[Source data]
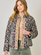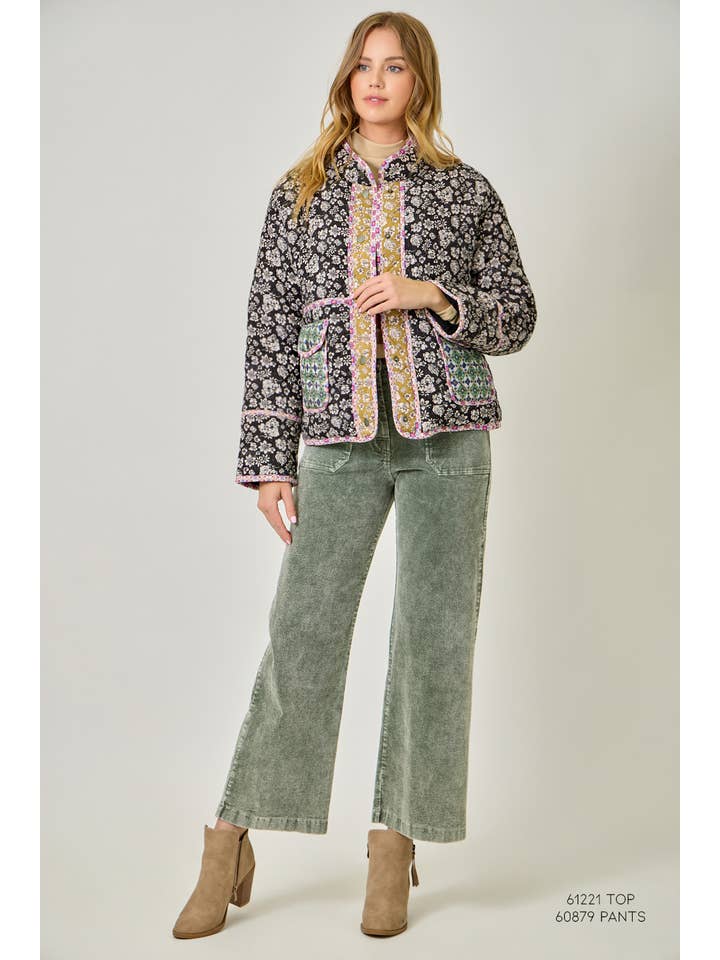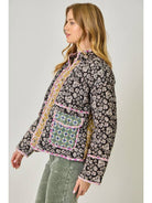 Mixed Media Quilted Jacket Snap button down. Buttoned bottom pockets Color blocked
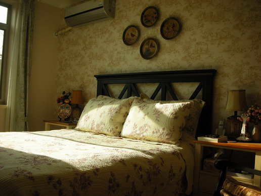 家具雖然都是比較老式樣的家居,但墻面上的綠色的手繪卻又能尋到時(shí)尚的氣息。
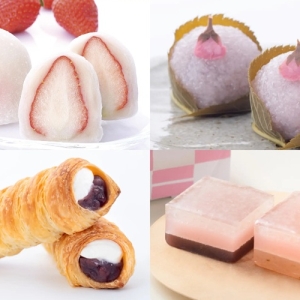 桜の葉を練りこんだこし餡、しろ餡の羊羹の上に桜色の羊羹を重ね、道明寺を浮かべた錦玉(寒天)を合わせています。
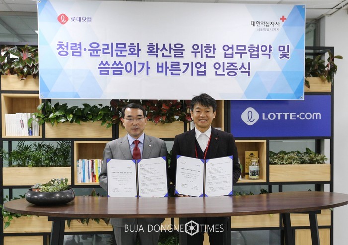[부자동네타임즈 이병도 기자]온라인 종합쇼핑몰 롯데닷컴(대표 김형준)이 대한적십자사 서울지사(회장 김흥권)와 함께 사내 청렴윤리문화 정착을 위해 손을 잡았다. 12월 5일(화) 롯데닷컴은 대한적십자사 서울특별시지사와 청렴문화 확산 및 윤리경영 정착에 관한 업무협약을 체결했다.
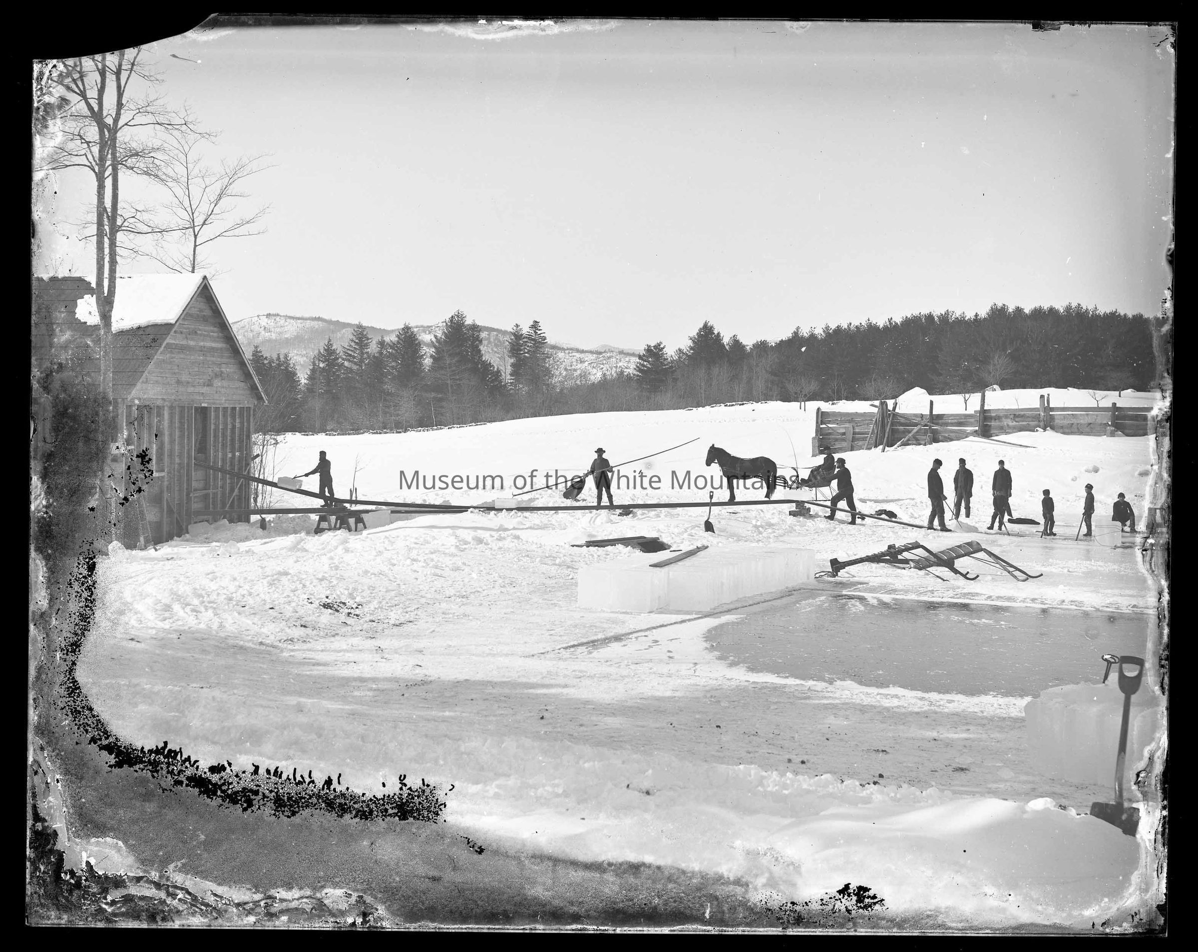 View of farmers, with their horse, pulling ice out of a pond and moving it into their barn.
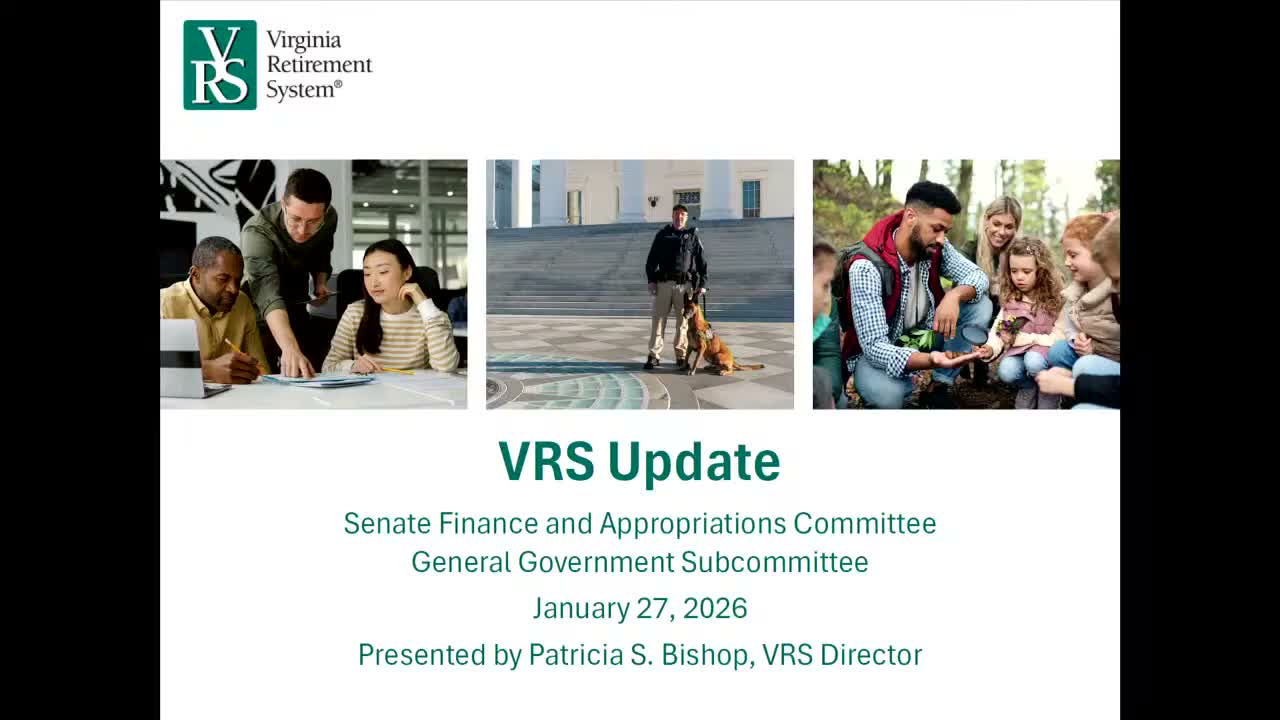 Trish Bishop, director of the Virginia Retirement System, told the Senate general government subcommittee that VRS serves nearly 860,000 members — about 375,000 active employees and roughly 250,000 retirees — and that investment returns have improved the system’s funding position.

- _Your assignment_:
All of the data must be repeated exactly, except for the pictures.

- _Task answer_:
 Mixed Media Quilted Jacket Snap button down. Buttoned bottom pockets Color blocked
 家具雖然都是比較老式樣的家居,但墻面上的綠色的手繪卻又能尋到時(shí)尚的氣息。
 桜の葉を練りこんだこし餡、しろ餡の羊羹の上に桜色の羊羹を重ね、道明寺を浮かべた錦玉(寒天)を合わせています。
[부자동네타임즈 이병도 기자]온라인 종합쇼핑몰 롯데닷컴(대표 김형준)이 대한적십자사 서울지사(회장 김흥권)와 함께 사내 청렴윤리문화 정착을 위해 손을 잡았다. 12월 5일(화) 롯데닷컴은 대한적십자사 서울특별시지사와 청렴문화 확산 및 윤리경영 정착에 관한 업무협약을 체결했다.
 View of farmers, with their horse, pulling ice out of a pond and moving it into their barn.
 Trish Bishop, director of the Virginia Retirement System, told the Senate general government subcommittee that VRS serves nearly 860,000 members — about 375,000 active employees and roughly 250,000 retirees — and that investment returns have improved the system’s funding position.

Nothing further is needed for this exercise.